A surpresa é um ótimo tempero da emoção. Tem sabor diferente daquela que buscamos sob o afã da boa saudade, digamos, de uma emoção desejada...

A casa no meio do bosque


A surpresa é um ótimo tempero da emoção. Tem sabor diferente daquela que buscamos sob o afã da boa saudade, digamos, de uma emoção desejada, planejada. A que vem subitamente, imprevisível, e nos arrebata ao sentimento inebriante, é mais intensa.

Ainda garoto, entre 10 e 12 anos de idade, percebi uma grande empatia com a música de Chopin. Sobretudo dos prelúdios e noturnos para piano vinha-me uma nostalgia longínqua, sentida como um déjà-vu de antigas experiências encarnatórias. Na coleção completa da Abril Cultural, os discos chegavam encartados em álbuns muito bem redigidos e ilustrados num contexto biográfico, cenográfico e musical da vida e obra do compositor. Imergia-me por inteiro naqueles álbuns, vendo-os e ouvindo-os.

jose alberto kaplan
Maestro J. A. Kaplan
Penso que foi daí que nasceu o estímulo para estudar piano e desfrutar dos doces anos de pré-adolescência na melodiosa convivência do Conservatório Paraibano de Música, Escola Anthenor Navarro e posterior Instituto Superior de Educação Artística. Experiência que, anos mais tarde, me arrebataria de volta ao ambiente acadêmico, já arquiteto, para uma inesquecível comunhão com um aprendizado mais apurado, durante cinco anos consecutivos, sob a classe do professor e maestro José Alberto Kaplan. Ainda hoje sinto saudades da atmosfera mágica que exalava dos corredores do Departamento de Música da UFPB, pelas frestas das portas, em fragmentos melódicos, escalas e arpejos dos vários instrumentos ali estudados. Como se estivessem eternamente ensaiando e se afinando para um grande concerto…
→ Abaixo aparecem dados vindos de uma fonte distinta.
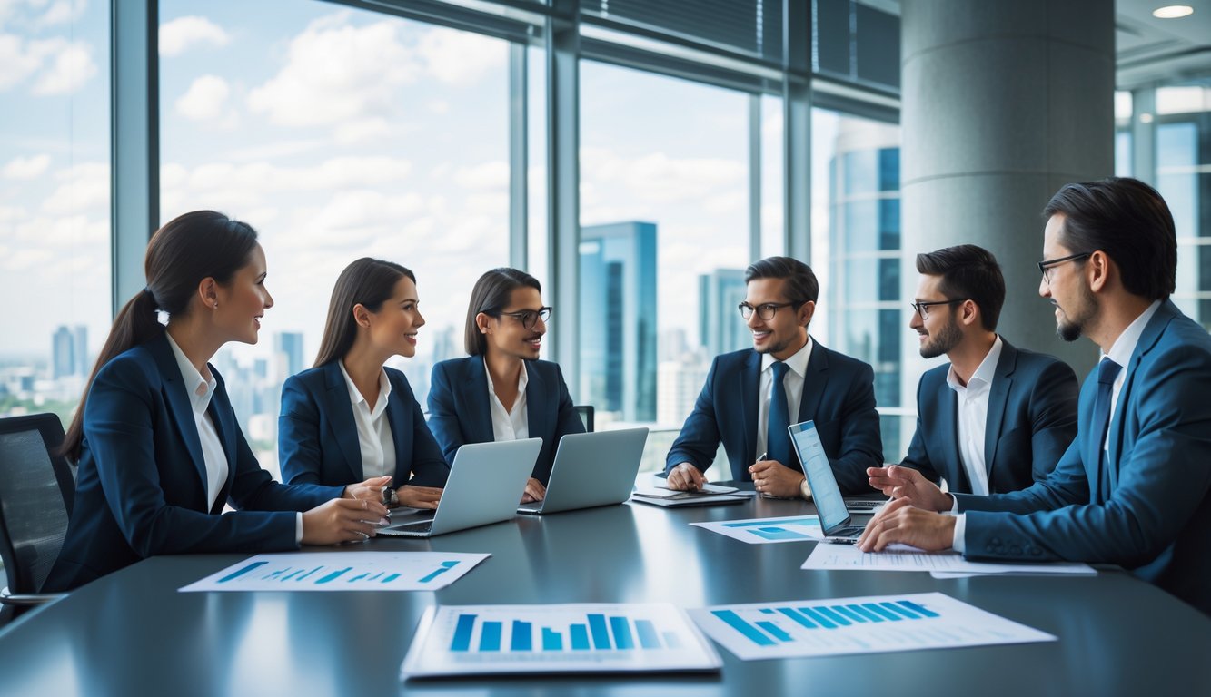 Sekelompok profesional bisnis sedang berdiskusi di sekitar meja konferensi dengan laptop dan dokumen di kantor modern.

Quando entramos na sala onde estava o piano, não consegui controlar o choro quase soluçado
Graças à intimidade com a Música, desde a tenra infância, tendo como pai e mãe grandes apaixonados pela divina arte, e, talvez, também a traços avocados de outras encarnações, foi com natural espontaneidade que sintonizei com as grandes obras, ainda criança.

Com Chopin, havia algo diferente. Um sentimento que me rebuscava a memória inconsciente, de onde surgia com absoluta clarividência o que sua música queria dizer à “minha”. Parecia cristalina a nitidez que havia naquelas peças cheias de sutilezas, de melodias que dialogavam e se permutavam em variados registros, uma dentro da outra, do plano mais agudo ao mais grave, compondo um tecido estupendamente bem lapidado com a mais perfeita harmonia. Era definitivamente um compositor que me dizia coisas muito particulares.

Chopin por Delacroix
Chopin por Delacroix
Anos mais tarde, em uma viagem à Polônia, assim que entramos no saguão do hotel Mercure Frederyk Chopin, em Varsóvia, lá estava ele. Enorme, num painel que varava a altura do piso a teto, em uma reprodução ampliada da célebre tela de Delacroix. Começaram aí as surpresas polonesas.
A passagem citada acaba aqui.